The liquid coolant flows around each of the tubes 6, 7 inside the housing 3. On a front side of the housing 3, a connection region 8 is arranged and connected by welding, which is illustrated separately from the housing 3 in FIG. 1 for the sake of clarity. The connection region 8 has a first connection 9 for the supply of exhaust gas from a diesel engine of the motor vehicle and a second connection 10 for discharging the cooled exhaust gas. Inside the connection region 8, an actuating element 11 designed as a pivotable flap is provided, which can be adjusted via a rotary shaft 12. In a first position of the actuating element 11, which is illustrated in FIG. 1, the exhaust gas is conducted from the first connection 9 into the first flow path 1, where it initially experiences a first cooling. After flowing through the first flow path 1, the exhaust gas enters a deflection region 13 arranged on the end face of the housing 3.
The deflection region 13, here, is an essentially semi-cylindrical hollow housing part, in which the exhaust gas stream is deflected through 1800, after which it enters the second flow path 2. The exhaust gas flows through the second flow path 2 in a direction opposite to the first flow path 1, and at the same time it undergoes further cooling. When it leaves the second flow path 2, the exhaust gas again enters the connection region 8 where, in the case of the first position of the actuating element 11 according to FIG. 1, it is led into the second connection 10.
In another position, not illustrated, of the actuating element 11, the exhaust gas is prevented from flowing through the flow paths 1, 2, and in this case it is conducted directly from the first connection 9 into the second connection 10. In this case, it does not experience any appreciable cooling, and therefore this type of operation is assigned mainly to specific operating conditions, such as, for example, a warm-up phase of the internal combustion engine (“bypass operation”).

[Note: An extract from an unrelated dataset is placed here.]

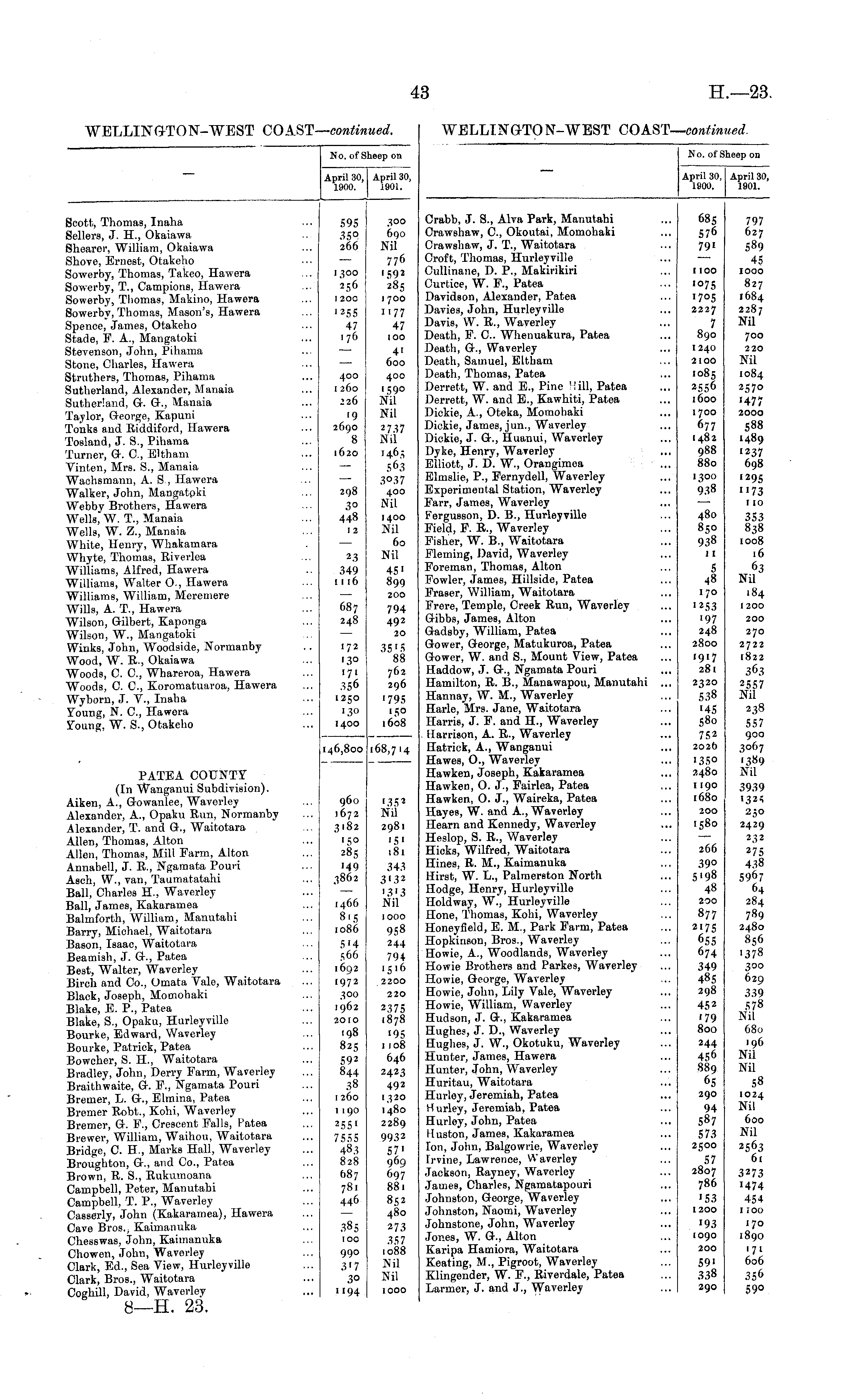 No. of Sheep on April 30, 1800. April 30, 1901. Crabb, J. S., Alva Park, Manutahi Crawshaw, C., Okoutai, Momohaki Crawshaw, J. T., Waitotara Croft, Thomas, Hurleyville Cullinane, D. P., Makirikiri Curtice, W. F., Patea Davidson, Alexander, Patea Davies, John, Hurley ville Davis, W. R., Waverley Death, F. C. Whenuakura, Patea Death, G., Waverley Death, Samuel, Eltham Death, Thomas, Patea Derrett, W. and B., Pine Hill, Patea Derrett, W. and B., Kawhiti, Patea Dickie, A., Oteka, Momohaki Dickie, James, jun., Waverley Dickie, J. G., Huanui, Waverley Dyke, Henry, Waverley Elliott, J. D. W., Orangimea Elmslie, P., Fernydell, Waverley Experimental Station, Waverley Farr, James, Waverley Fergusson, D. B., Hurley ville Field, F. B., Waverley Fisher, W. B., Waitotara Fleming, David, Waverley Foreman, Thomas, Alton Fowler, James, Hillside, Patea Fraser, William, Waitotara Frere, Temple, Creek Run, Waverley G-ibbs, James, Alton Q-adsby, William, Patea Gower, George, Matukuroa, Patea Gower, W. and S., Mount View, Patea Haddow, J. G., Ngamata Pouri Hamilton, R. B., Manawapou, Manutahi ... Hannay, W. M., Waverley Harle, Mrs. Jane, Waitotara Harris, J. F. and H., Waverley Harrison, A. R., Waverley Hatrick, A., Wanganui Hawes, O., Waverley Hawken, Joseph, Kakaramea Hawken, O. J., Fairlea, Patea Hawken, 0. J., Waireka, Patea Hayes, W. and A., Waverley Hearn and Kennedy, Waverley Heslop, S. R., Waverley Hicks, Wilfred, Waitotara Hines, R. M., Kaimanuka Hirst, W. L., Palmerston North Hodge, Henry, Hurleyville Hold way, W., Hurleyville Hone, Thomas, Kohi, Waverley Honeyfield, E. M., Park Farm, Patea Hopkinson, Bros., Waverley Howie, A., Woodlands, Waverley Howie Brothers and Parkes, Waverley Howie, George, Waverley Howie, John, Lily Vale, Waverley Howie, William, Waverley Hudson, J. G., Kakaramea Hughes, J. D., Waverley Hughes, J. W., Okotuku, Waverley Hunter, James, Hawera Hunter, John, Waverley Huritau, Waitotara Hurley, Jeremiah, Patea Hurley, Jeremiah, Patea Hurley, John, Patea Huston, James, Kakaramea Ion, Jolm, Balgowrie, Waverley Irvine, Lawrence, Waverley Jackson, Rayney, Waverley James, Charles, Ngamatapouri Johnston, George, Waverley Johnston, Naomi, Waverley Johnstone, John, Waverley Jones, W. G., Alton Karipa Hamiora, Waitotara Keating, M., Pigroot, Waverley Klingender, W. F., Riverdale, Patea Larmer, J. and J., Waverley 68s 576 791 797 627 589 45 1000 827 1684 2287 Nil 700 220 Nil 1084 2570 1477 2000 588 1489 1237 698 I2 95 I] 73 110 353 838 1008 16 63 Nil .84 1200 200 270 2722 [822 363 2557 Nil 238 557 900 3067 '3«9 Nil 1100 '°75 '7°5 2227 7 890 1240 2100 1085 2556 1600 1700 677 1482 988 880 1300 9.?8 480 850 938 11 5 48 170 '253 ■97 248 2800 1917 281 2320 538 MS 580 752 202b 135° 7,480 1190 1680 200 1580 266 39° 5'98 48 200 877 2<75 655 674 349 485 298 45 2 179 800 244 456 889 65 290 94 587 573 2500 57 2807 786 "53 1200 3939 132* 250 2429 232 275 438 5967 64 284 789 2480 856 '378 300 629 339 578 Nil 680 196 Nil Nil 58 1024 Nil 600 Nil 2563 61 3273 1474 454 1 ioo 170 1890 171 606 356 59° •93 1090 200 591 338 290

In the case of the first position of the actuating element 8, the exhaust gas has a markedly higher average temperature level in the first flow path 1 than in the second flow path 2. To optimize the heat exchanger capacity, particularly taking into account as low an overall flow resistance as possible, the flow resistances of the first flow path 1 and of the second flow path 2 are configured differently:
In a first exemplary embodiment according to FIG. 2, each of the flow paths 1, 2 comprises a bundle of in each case nine flow ducts 6, 7, each of which has a rectangular cross section. The external dimensions of the flow ducts 6, 7 are in each case identical here. However, the flow ducts 6 of the first flow path 1 and the flow ducts 7 of the second flow path 2 have turbulence-generating means in the form of embossings 6 a, 7 a which have a different size. The embossings 6 a of the first flow ducts 6 project to a lesser depth into the duct cross section than the embossings 7 a of the second flow ducts 7. The geometric free flow cross section of the second flow ducts 7 thereby becomes smaller, as compared with the geometric free cross section of the first flow ducts 6. Moreover, more turbulences are introduced into the exhaust gas stream in the second flow ducts 7 than in the first flow ducts 6 due to the fact that the turbulence-generating means 7 a project inward to a greater depth. The turbulence-generating means 6 a, 7 a may be dimples and/or winglets. Alternatively or additionally, they may also be structured inserts known per se which are pushed into the flow ducts 6, 7 and welded.
In the second exemplary embodiment according to FIG. 3, the first flow path 1 is set up in the same way as in the first exemplary embodiment. In contrast to the first exemplary embodiment, the second flow path 2 not only has different turbulence-generating means 7 a, but also has a smaller number of flow ducts 7, as compared with the first flow path 1, which in each case have a different external dimension with respect to the flow ducts 6 of the first flow path 1. Although, in the second exemplary embodiment, the second flow path comprises fewer flow ducts 7, instead with a larger external dimension, the turbulence-generating means 7 a which are projecting inward to a greater depth generate, overall, a higher flow resistance for the second flow path 2 than for the first flow path 1. Owing to the changed number and external geometry of the flow ducts 7, in the second exemplary embodiment the flow resistance of the second flow path is somewhat lower than the flow resistance of the second flow path in the first exemplary embodiment.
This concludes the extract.